We think it is absolutely normal to increase the price of a drug as long as the magnitude of increase is within the 10-20% range. And in case of Revlimid, it’s not just a price increase that drives the revenue. Patients live longer, utilization is higher, and other 2L treatments drive the use of the drug.

Pomalyst

Pomalyst is pomalidomide used in 3L of MM. We expect it will peak at $3 bn in 2024, with LOE in EU in 2023 and in US in 2025, given no additional patent extensions will be filed.

Otezla

Otezla, a PDE4 inhibitor, was approved in 2014 to treat PsA. Psoriasis in general is an extremely competitive therapeutic area with a large number of pharmacological options. Simply said, it’s hard to make money on psoriasis only. While there are multiple ongoing studies to test Otezla in UC, Behçet’s disease and scalp psoriasis, it is unclear how successful Otezla will be in other indications. We are going with the conservative estimation based on PsA only and peak revenue at $2.9 bn in 2023:

Abraxane

It is obvious that Abraxane has tough times competing with others in MBC, NSCLC, and pancreatic cancer. In the U.S., the situation is not expected to improve:

ABRAXANE® net sales increased by $19 million, or 2.0%, to $992 million for 2017 compared to 2016, primarily due to increases in unit sales in international markets. The increase was partially offset by decreased unit sales in the U.S. The decrease in U.S. unit sales reflects the continuing competition in breast cancer and lung cancer indications.

Ozanimod

For Ozanimod, we will conservatively go with $1.5 bn in 2023 for MS alone:

Fedratinib

Fedratinib is basically a 2L myelofibrosis treatment:

The first line, Jakafi, made only about $1.2 bn six years after launch. Even if fedratinib is better than Jakafi (which is not the case based on what we know now), it would be unrealistic to expect more than that.

BCMA CAR-T (bb2121/bb21217)

bluebird’s (NASDAQ:BLUE) bb2121 is a very promising CAR-T treatment for MM. Potentially, it may substitute Revlimid after 2025, but the problem is the bb2121 ramp-up takes time and generic lenalidomide will be too good and too cheap to ignore it. In the best-case scenario, bb2121/7 may peak at $10+ bn sometime in 2030.

Juno’s (NASDAQ:JUNO) cellular immunotherapy

The company expects the launch in 2019 and reaching $3 bn sometime after 2020 (we think it’s 2026).
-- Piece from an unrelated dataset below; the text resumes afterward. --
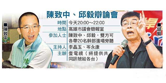 報道指出,壹電視邀請邱毅及陳致中電視辯論,原定上周四晚上在高雄市前鎮憲德宮廣場舉辦,因警方擔心沖突,未準許集會;壹電視再協調,當晚三方達成共識改到高雄市勞工公園大禮堂。但邱毅昨發聲明,高雄市議長許崑源已商借高雄市議會會議廳為辯論場所,且辯論會不應由一家媒體壟斷,應開放所有媒體均可采訪轉播。

Celgene’s Early-Stage I/O assets

Too early to put a dollar sign on them.

Anti-PD1 (BGB-A317) for Solid Tumors

This is definitely an interesting asset that is currently being tested as a monotherapy and in combination for various solid-organ and blood-borne cancers. The only problem is that it might be too late for PD-1/PD-L1 asset with Opdivo and Keytruda dominating the market. We can’t forecast any numbers at this point, but we certainly think that BGB-A317 is a promising asset.

Celgene’s Revenue in 2015-2030

Now, to sum up all the revenue streams, this is what we get:

The most notable threat is that the revenue is going to drop in 2024. However, if we smoothen out 2018-2030 revenues, we still get 4.12% CAGR, which is a kind of long-term terminal growth.

It is obvious that investors are spooked by the revenue drop in several years. But if we look at the graph from the long-term point of view, the current 11x P/E of 2018 earnings resembles the P/E of a “boring” value company with low growth.

Conclusion

Celgene is traded at the level of low growth “value” companies (they may think of paying dividends to prove that?). Unless the company comes up with a plausible explanation of how it plans to fill the gap after 2023, the current trading level may persist at 10-14x of 2018 P/E or $90-120 per share.

Disclosure: I am/we are long CELG.

I wrote this article myself, and it expresses my own opinions. I am not receiving compensation for it (other than from Seeking Alpha). I have no business relationship with any company whose stock is mentioned in this article.